Revenue Cycle Management - Market - IMG1

Expanding administrative overhead, the pivot toward value-based reimbursement, and widening AI adoption are combining to make automated revenue capture a board-level necessity. Providers are prioritizing integrated platforms that merge clinical documentation, denial avoidance, and cash-flow analytics in one workspace, cutting manual touches and shortening days in accounts receivable. North American health systems continue to anchor demand, yet rising private-insurance penetration in Asia-Pacific is unlocking sizable new addressable volumes. Service outsourcing remains prevalent because staffing gaps persist, but cloud software's rapid acceleration signals a gradual hand-off from labor-heavy models to subscription-based architectures that scale with patient volumes. The net effect is heightened competition among technology vendors that can wrap predictive analytics and compliance updates into a single, interoperable stack.

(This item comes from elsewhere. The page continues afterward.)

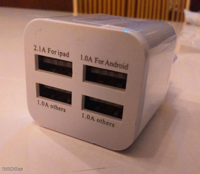 Carregador de casa com 4 portas USB, pode usar em simultâneo.
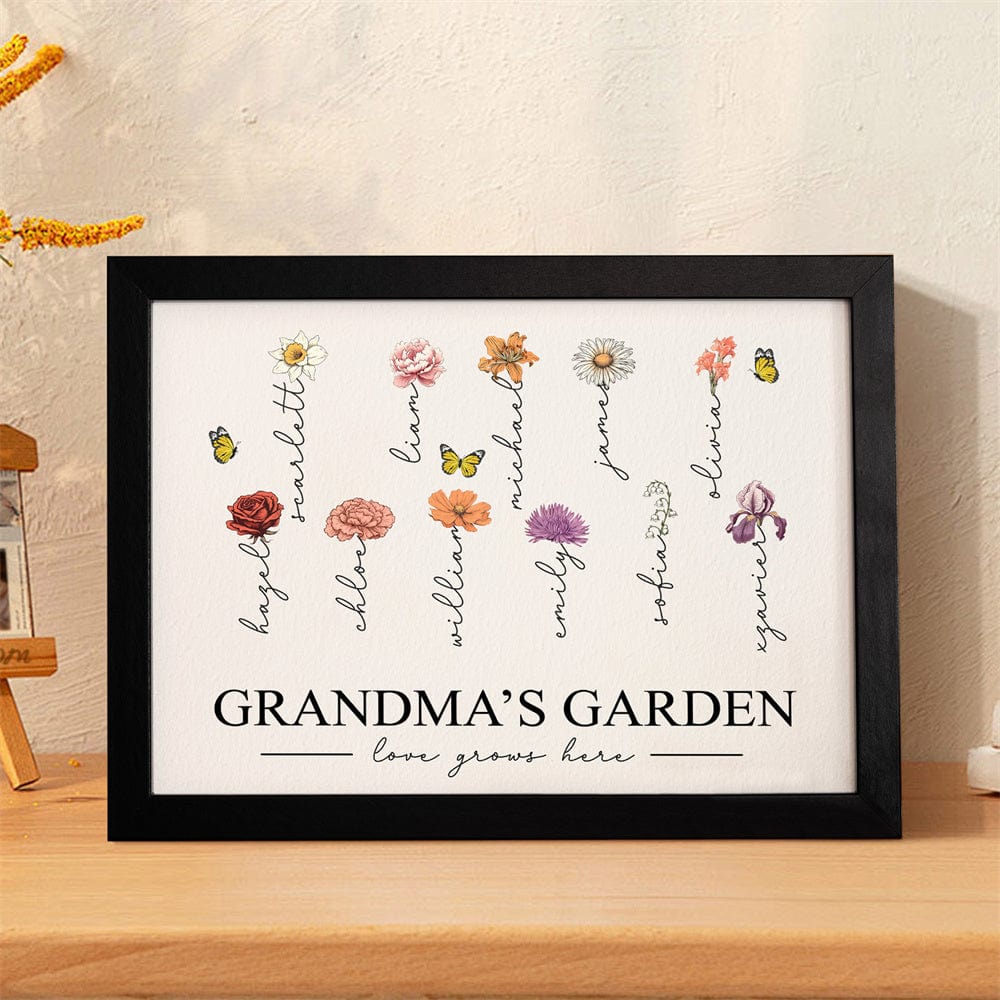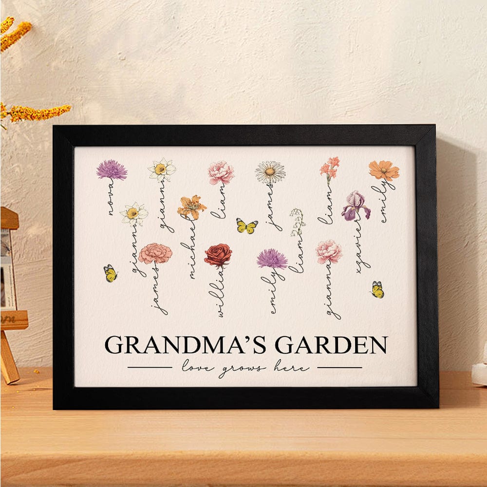 Custom Birth Month Flowers Garden With Grandkids Names Love Grows Here Personalized Wooden Photo Frame Mother's Day Gift

Global Revenue Cycle Management Market Trends and Insights

Global Shift Toward Value-Based & Outcome-Linked Reimbursement

Value-based care, now written into major payer contracts, is recasting Revenue Cycle Management industry priorities by tying payment to clinical quality rather than service volume. Health systems that adopted accountable care frameworks recorded collective savings in excess of USD 700 million, proving that financial upside exists once organizations master quality metrics. As a response, RCM platforms are integrating population-health dashboards that translate clinical outcomes into reimbursement triggers, ensuring that providers track gaps in care before payment risk materializes. That evolution implicitly demands normalized data from disparate sources, giving interoperability a new commercial urgency.

Escalating Administrative Cost Pressure Prompting RCM Automation

Administrative expenses routinely consume 20 - 25 % of United States healthcare spending, so executives view automation as a proven lever to arrest cost inflation. AI-enabled bots now complete routine prior authorization transactions in seconds, a process that previously required manual review and days of staff follow-up, and some hospitals have documented a 50 % reduction in claim preparation time after deployment. These improvements free billing professionals to concentrate on complex exceptions, generating an unplanned productivity dividend that management can redeploy toward patient-facing roles. Importantly, institutions that automate admit-through-cash workflows report heightened staff satisfaction because tedious, error-prone data entry tasks disappear.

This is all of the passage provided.